Problem requirements: An exact restatement of all the data is required, with the pictures left out.
_ _ _ _ _
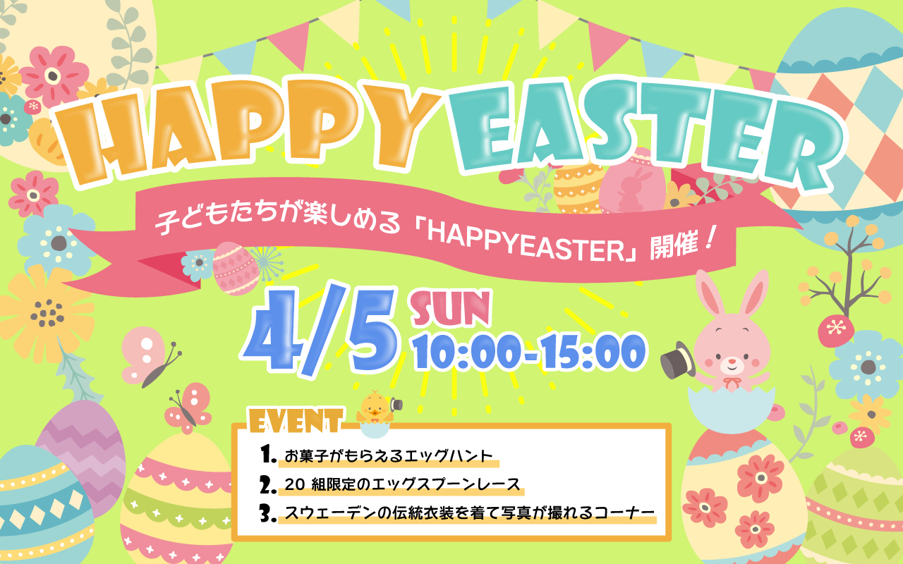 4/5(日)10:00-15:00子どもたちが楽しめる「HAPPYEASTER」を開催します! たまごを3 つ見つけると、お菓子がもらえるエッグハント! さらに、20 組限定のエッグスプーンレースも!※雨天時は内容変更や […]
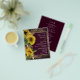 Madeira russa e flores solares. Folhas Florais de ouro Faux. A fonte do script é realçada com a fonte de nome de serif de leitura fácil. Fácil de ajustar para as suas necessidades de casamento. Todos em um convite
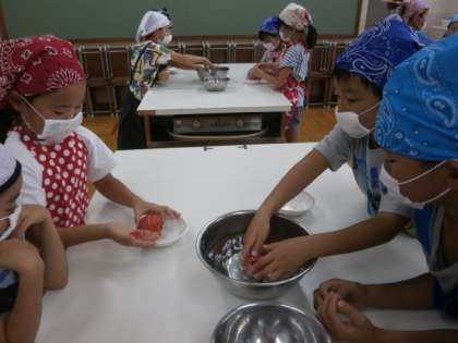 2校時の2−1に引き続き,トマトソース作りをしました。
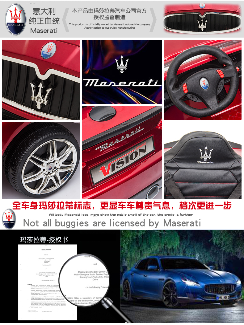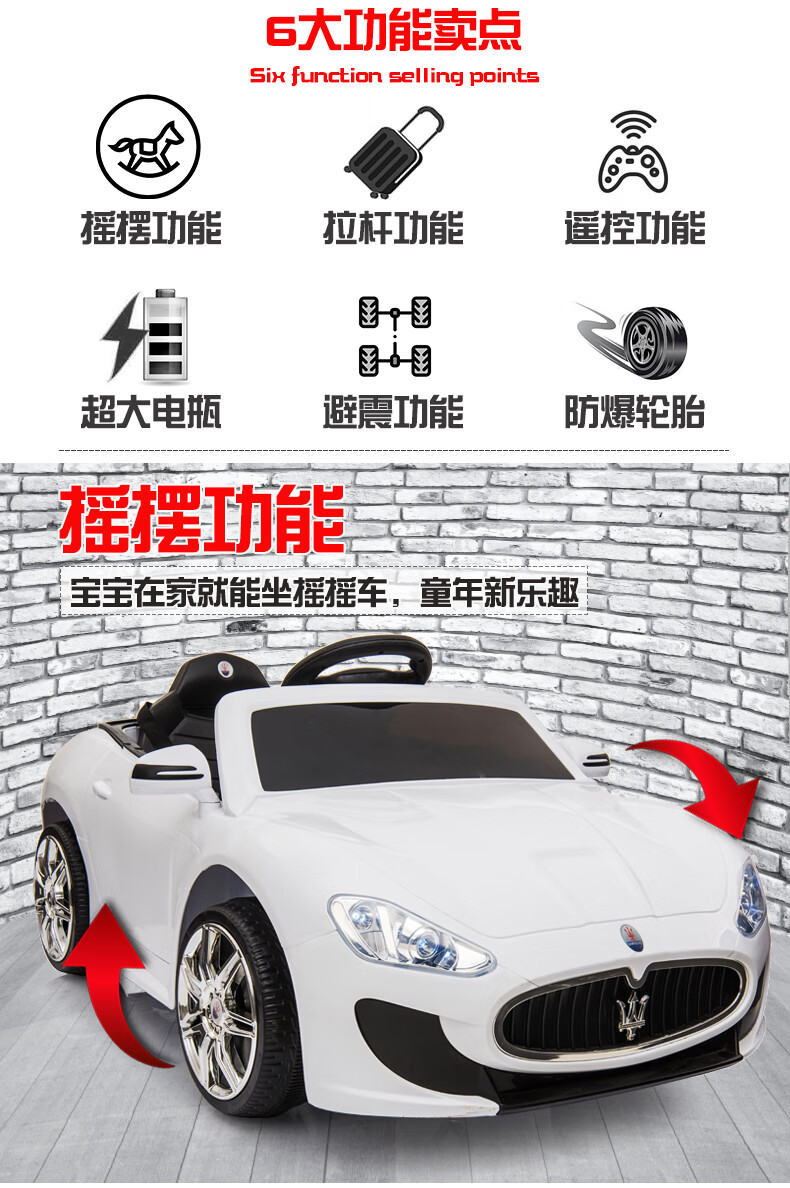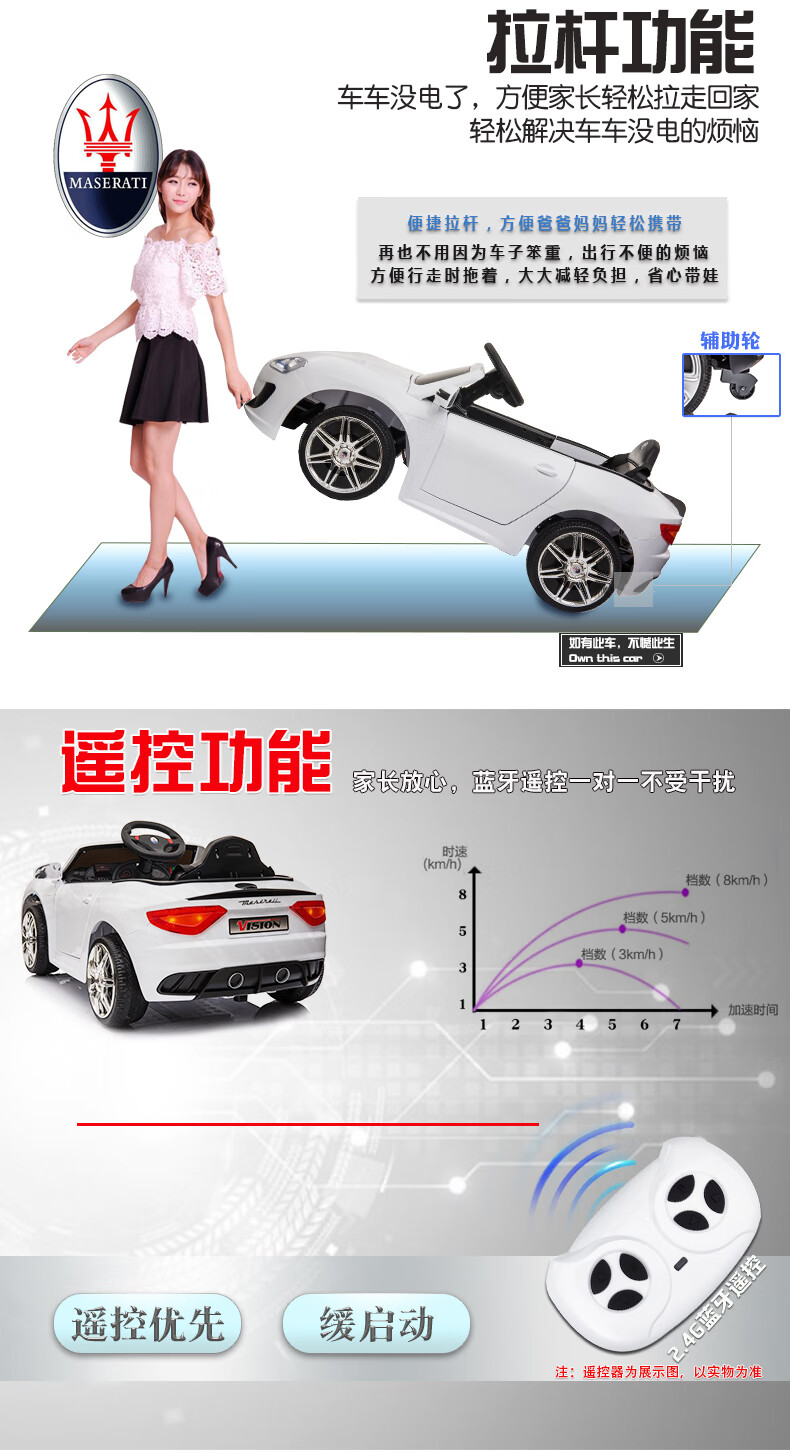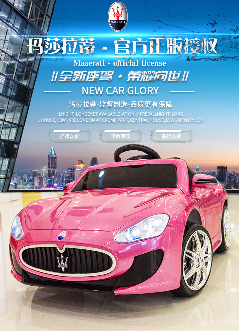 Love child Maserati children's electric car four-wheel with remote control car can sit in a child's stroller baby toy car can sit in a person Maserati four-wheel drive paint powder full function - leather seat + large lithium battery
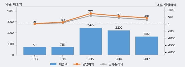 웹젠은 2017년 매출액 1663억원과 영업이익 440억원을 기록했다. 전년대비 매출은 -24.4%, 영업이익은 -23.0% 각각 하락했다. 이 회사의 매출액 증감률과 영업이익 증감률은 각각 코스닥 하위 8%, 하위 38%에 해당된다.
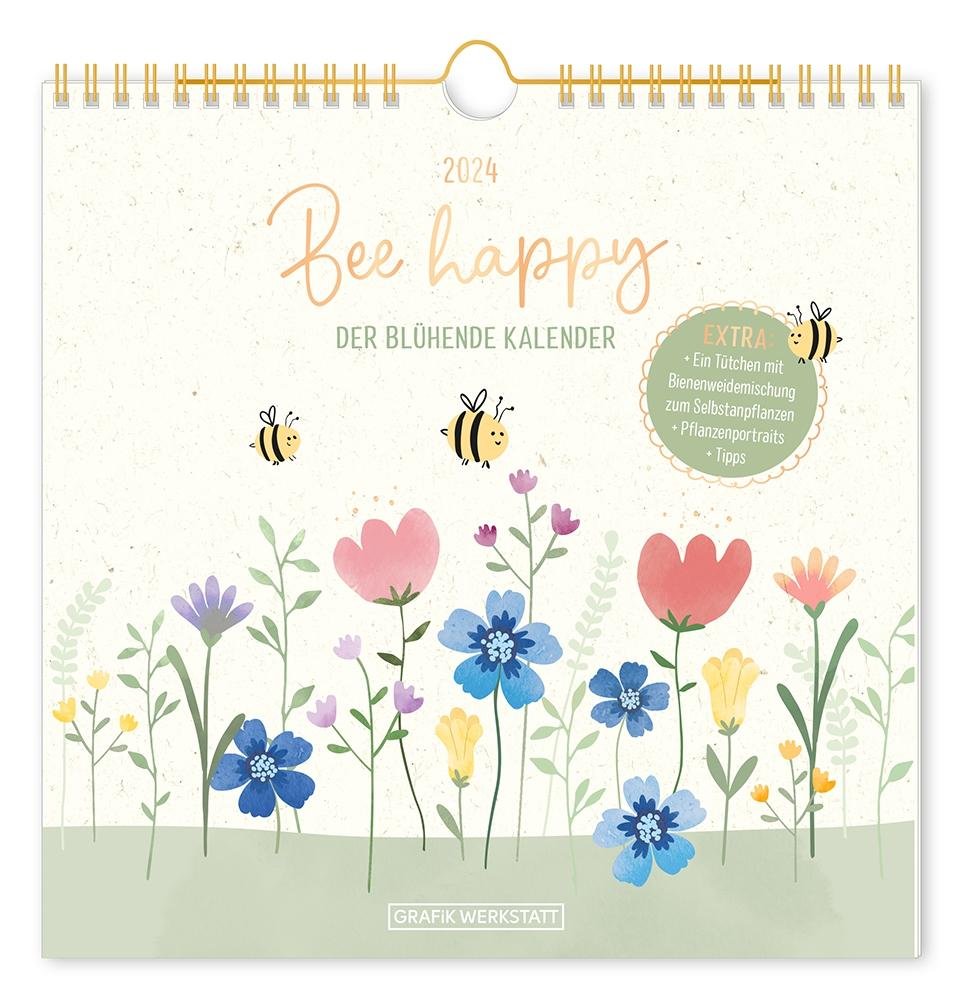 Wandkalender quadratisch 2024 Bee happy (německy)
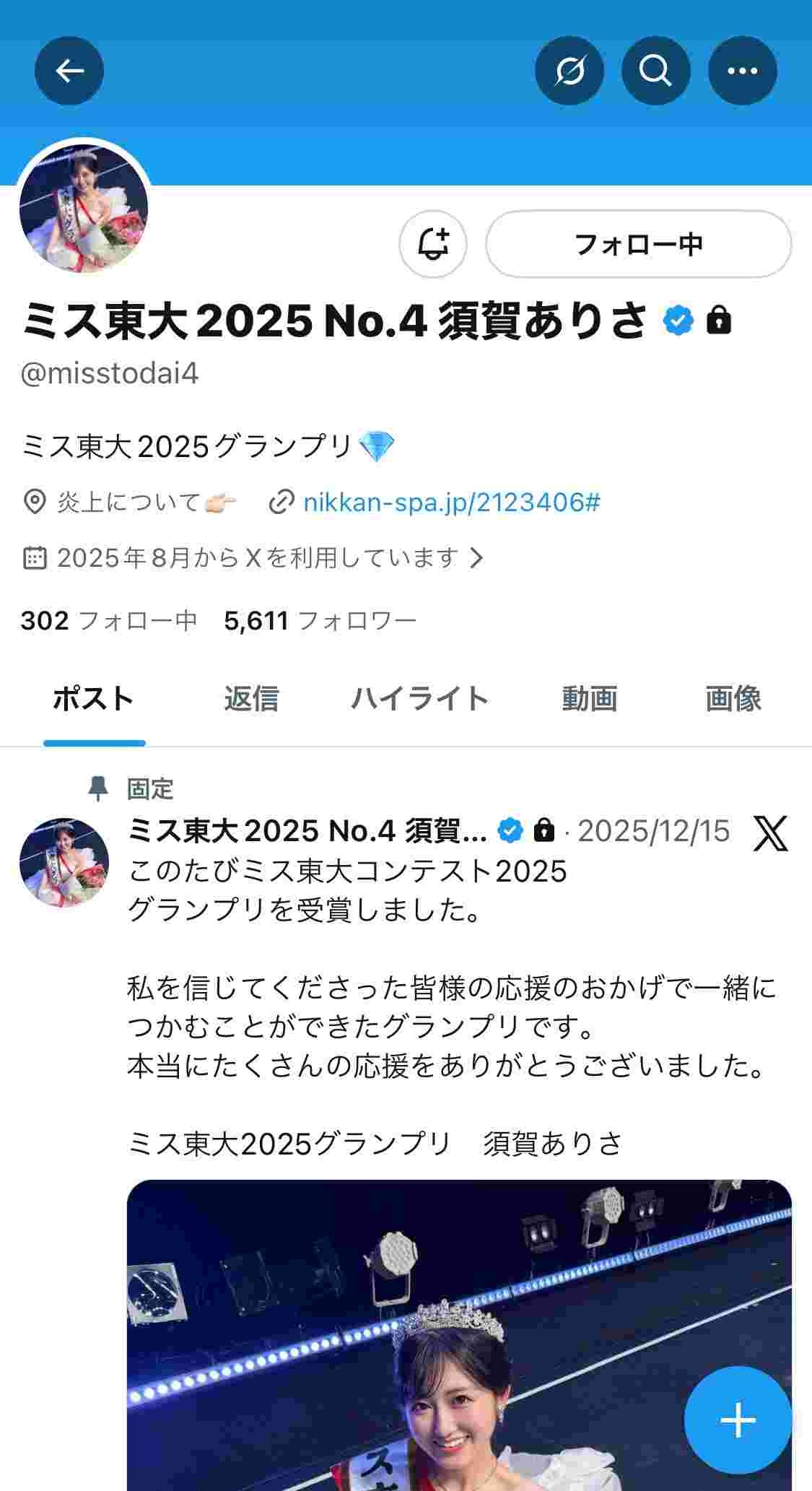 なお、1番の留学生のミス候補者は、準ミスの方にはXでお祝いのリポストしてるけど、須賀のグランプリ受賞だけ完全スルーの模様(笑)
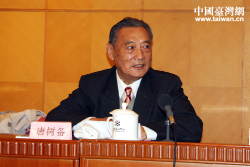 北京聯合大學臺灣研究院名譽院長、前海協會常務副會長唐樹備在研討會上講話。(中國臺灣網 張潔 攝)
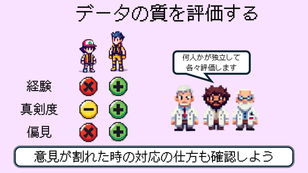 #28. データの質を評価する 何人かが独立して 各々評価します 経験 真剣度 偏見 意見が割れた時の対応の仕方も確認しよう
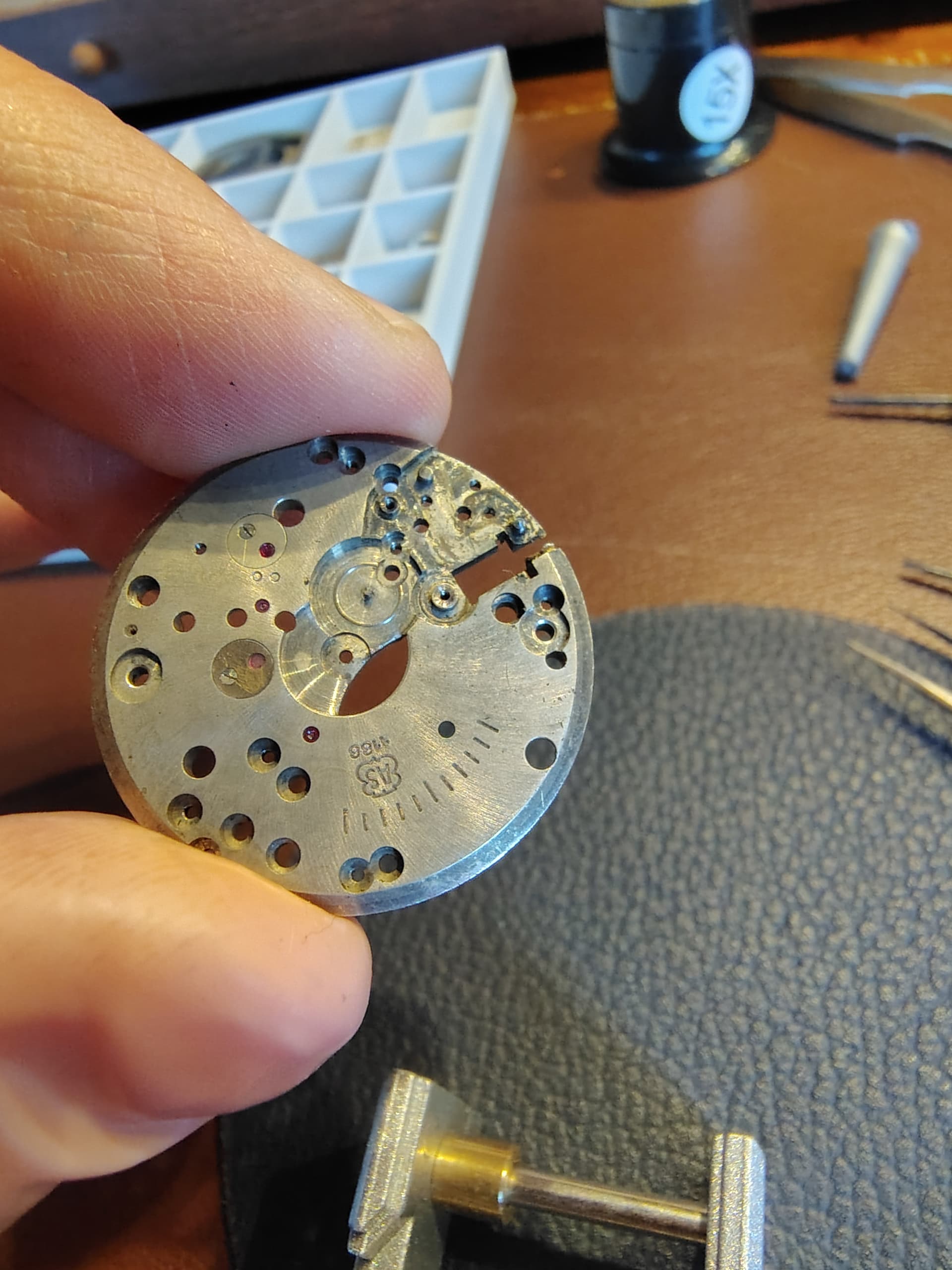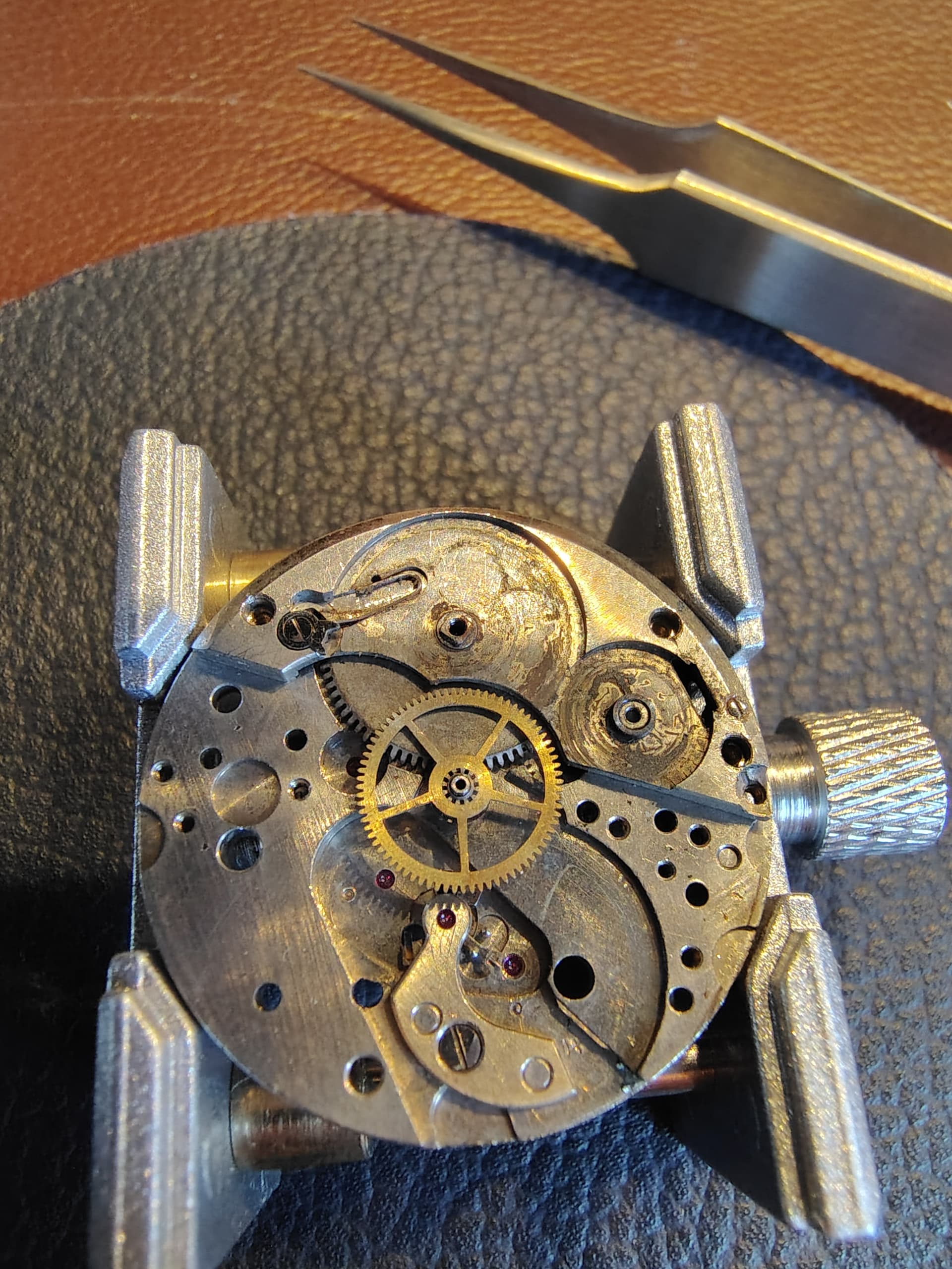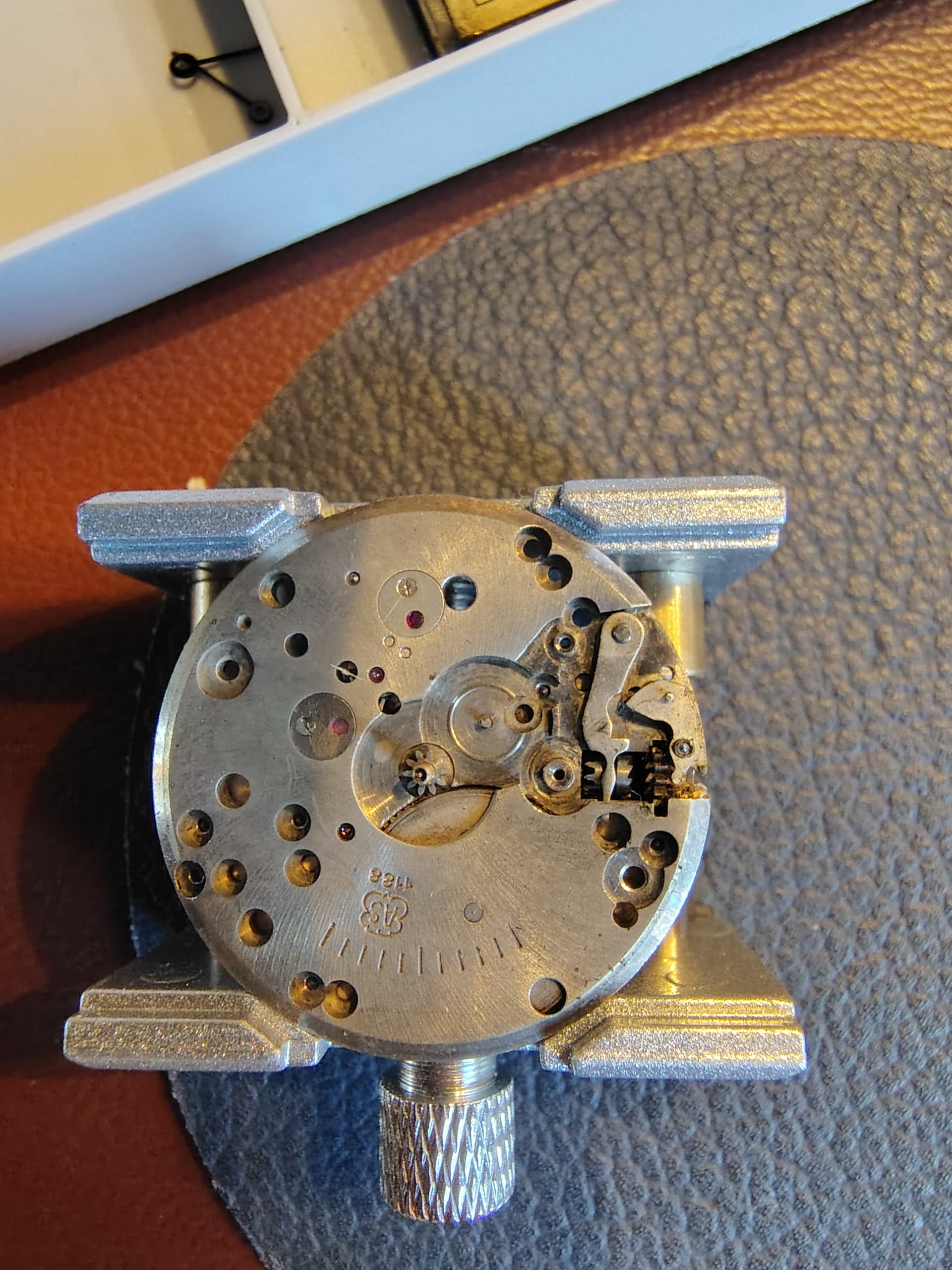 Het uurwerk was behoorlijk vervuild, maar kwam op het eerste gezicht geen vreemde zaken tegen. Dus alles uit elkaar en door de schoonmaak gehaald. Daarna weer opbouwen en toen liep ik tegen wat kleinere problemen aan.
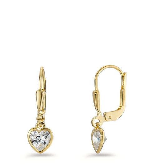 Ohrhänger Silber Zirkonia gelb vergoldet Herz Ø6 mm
_ _ _ _ _
Answer below:
 4/5(日)10:00-15:00子どもたちが楽しめる「HAPPYEASTER」を開催します! たまごを3 つ見つけると、お菓子がもらえるエッグハント! さらに、20 組限定のエッグスプーンレースも!※雨天時は内容変更や […]
 Madeira russa e flores solares. Folhas Florais de ouro Faux. A fonte do script é realçada com a fonte de nome de serif de leitura fácil. Fácil de ajustar para as suas necessidades de casamento. Todos em um convite
 2校時の2−1に引き続き,トマトソース作りをしました。
 Love child Maserati children's electric car four-wheel with remote control car can sit in a child's stroller baby toy car can sit in a person Maserati four-wheel drive paint powder full function - leather seat + large lithium battery
 웹젠은 2017년 매출액 1663억원과 영업이익 440억원을 기록했다. 전년대비 매출은 -24.4%, 영업이익은 -23.0% 각각 하락했다. 이 회사의 매출액 증감률과 영업이익 증감률은 각각 코스닥 하위 8%, 하위 38%에 해당된다.
 Wandkalender quadratisch 2024 Bee happy (německy)
 なお、1番の留学生のミス候補者は、準ミスの方にはXでお祝いのリポストしてるけど、須賀のグランプリ受賞だけ完全スルーの模様(笑)
 北京聯合大學臺灣研究院名譽院長、前海協會常務副會長唐樹備在研討會上講話。(中國臺灣網 張潔 攝)
 #28. データの質を評価する 何人かが独立して 各々評価します 経験 真剣度 偏見 意見が割れた時の対応の仕方も確認しよう
 Het uurwerk was behoorlijk vervuild, maar kwam op het eerste gezicht geen vreemde zaken tegen. Dus alles uit elkaar en door de schoonmaak gehaald. Daarna weer opbouwen en toen liep ik tegen wat kleinere problemen aan.
 Ohrhänger Silber Zirkonia gelb vergoldet Herz Ø6 mm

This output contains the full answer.